Dr. Schulz: In der Finanzindustrie geht es nicht nur um den ökologischen Fußabdruck der Banken selbst, sondern vor allem darum, in welche Investments die Geldströme gelenkt werden. Wie wird sich das auf die Beratung von institutionellen Anlegern auswirken?

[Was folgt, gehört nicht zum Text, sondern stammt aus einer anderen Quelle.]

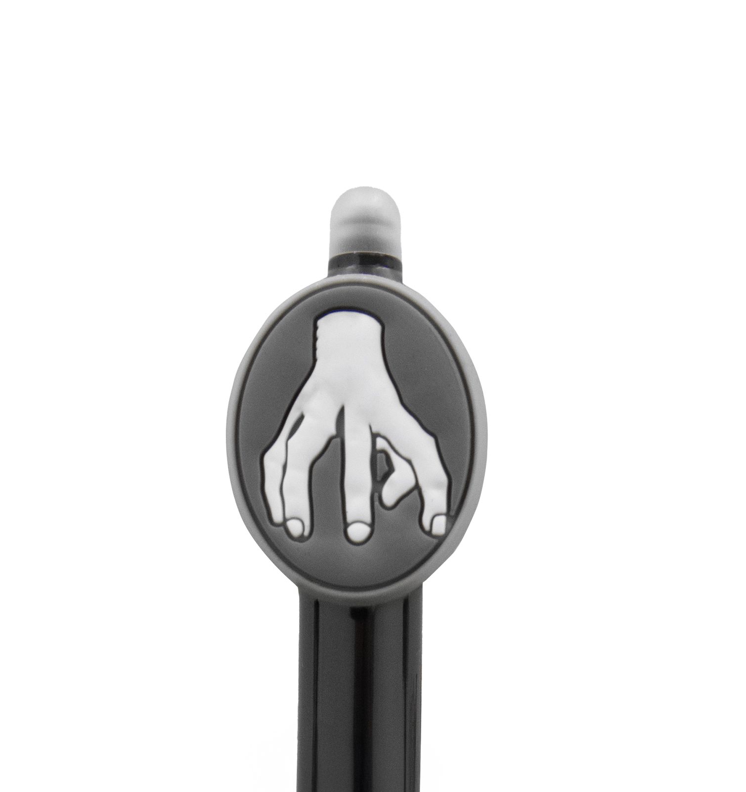 Długopis zmywalny Wednesday Hand Długopis z grafiką Rączki z serialu Wednesday. Z niebieskim wkładem, gumką i wygodnym klikanym mechanizmem. Świetnie sprawdzi się w szkole lub biurze. Szczegóły techniczne Kolor tuszu: niebieski Końcówka: gumka Mechanizm: klik Motyw: Rączka Licencjonowany produkt z oficjalnej kolekcji Wednesday.
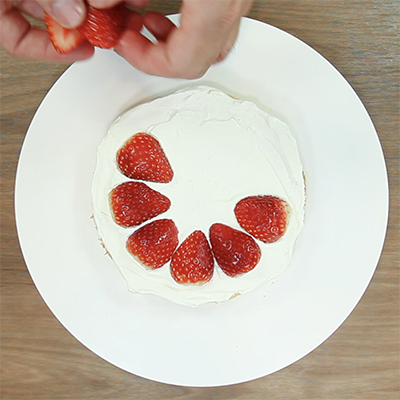 クリームを塗った所に1/2にカットしたイチゴを放射線状に並べます。 ※ケーキをきれいに切り分けるため、中心はあけておきます。
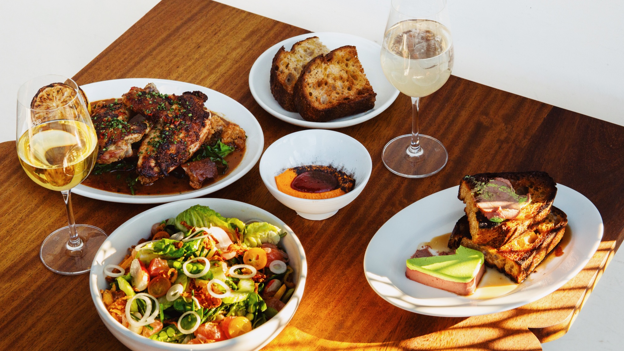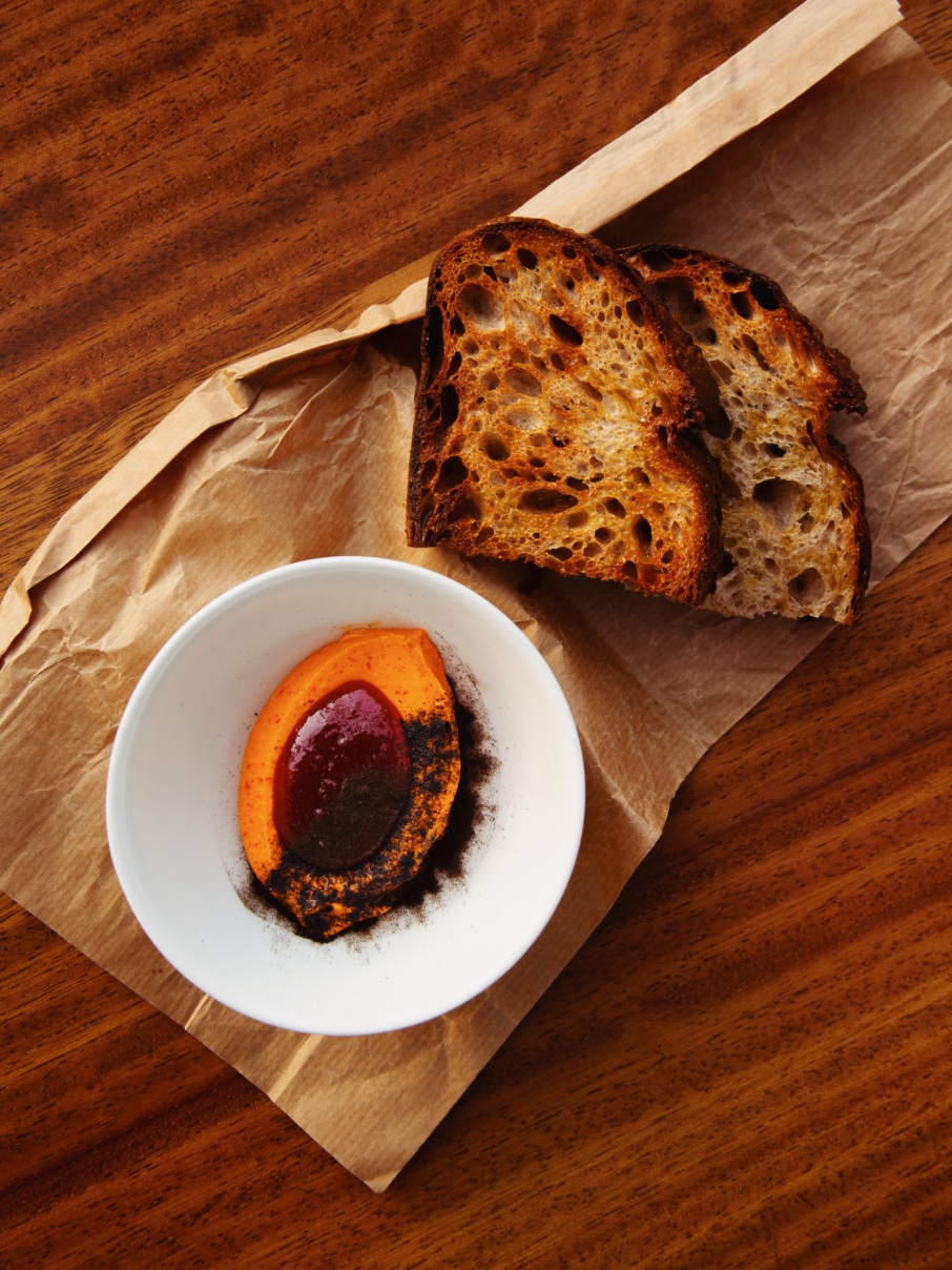 To start, enjoy bread service with fermented Nardello butter and Nardello jam, appetizers like shima aji crudo; wagyu beef tartare with burnt negi; Jidori chicken liver parfait with celery butter; and of course, a Sqirl take on a Caesar salad (think croissant croutons and parm).

Müller: Nicht-nachhaltigen Unternehmen fällt die Finanzierung über den Kapitalmarkt zunehmend schwerer. Investoren bevorzugen mehr und mehr klimabewusste Geschäftsstrategien und üben dadurch einen nicht zu unterschätzenden Druck auf alle anderen Unternehmen aus. Das hat zur Folge, dass die Anzahl nachhaltiger Finanzprodukte am Markt grundsätzlich zunehmen wird. Das bringt für Anlegerinnen und Anlegern zunächst einmal den Vorteil mit sich, dass sie zukünftig unter mehr nachhaltigen Anlagen auswählen können. Unsere Rolle sehen wir insbesondere darin, unsere Kundinnen und Kunden bei der Orientierung und Analyse zu unterstützen. Versorgungswerke wollen verantwortungsbewusst mit den Geldern der Heilberufler umgehen. Sie wünschen sich kompetente, vorausschauende Beratung dazu, wie sie ihre Anlagen wirklich nachhaltig gestalten können – und genau diese Beratung wollen wir ihnen bieten. Konkret sind wir dabei, unser Scoring- und Analyseangebot für institutionelle Anleger auszubauen.
GoingPublic: Lohnt sich nachhaltiges Investieren auch unter Renditegesichtspunkten?
Müller: Im Coronajahr 2020 wurde Nachhaltigkeit zum Outperformer am Aktienmarkt. Das lag u.a. an der Vermeidung von Klimarisiken, wie sie z.B. BP im Jahr 2010 erleben musste, als eine Explosion auf der Ölbohrplattform Deepwater Horizon neben Umweltschäden auch massive Kursverluste für das Energieunternehmen mit sich brachte. Im Grundsatz können Anleger und Anlegerinnen auch unter der Berücksichtigung von Nachhaltigkeitsaspekten am Kapitalmarkt attraktive Renditechancen wahren, der Klimawandel beeinflusst die Wachstumschancen einzelner Branchen und Segmente jedoch unterschiedlich stark. In der Kapitalanlage kann daher ein aktives Management unter Beachtung von Klimarisiken das Portfolio optimieren.
GoingPublic/Dr. Schulz: Herr Müller, vielen Dank für Ihre Zeit und die aufschlussreichen Einblicke in die Nachhaltigkeitsstrategie der apoBank.
Das Interview führten Michael Fuchs und Dr. Thomas Schulz.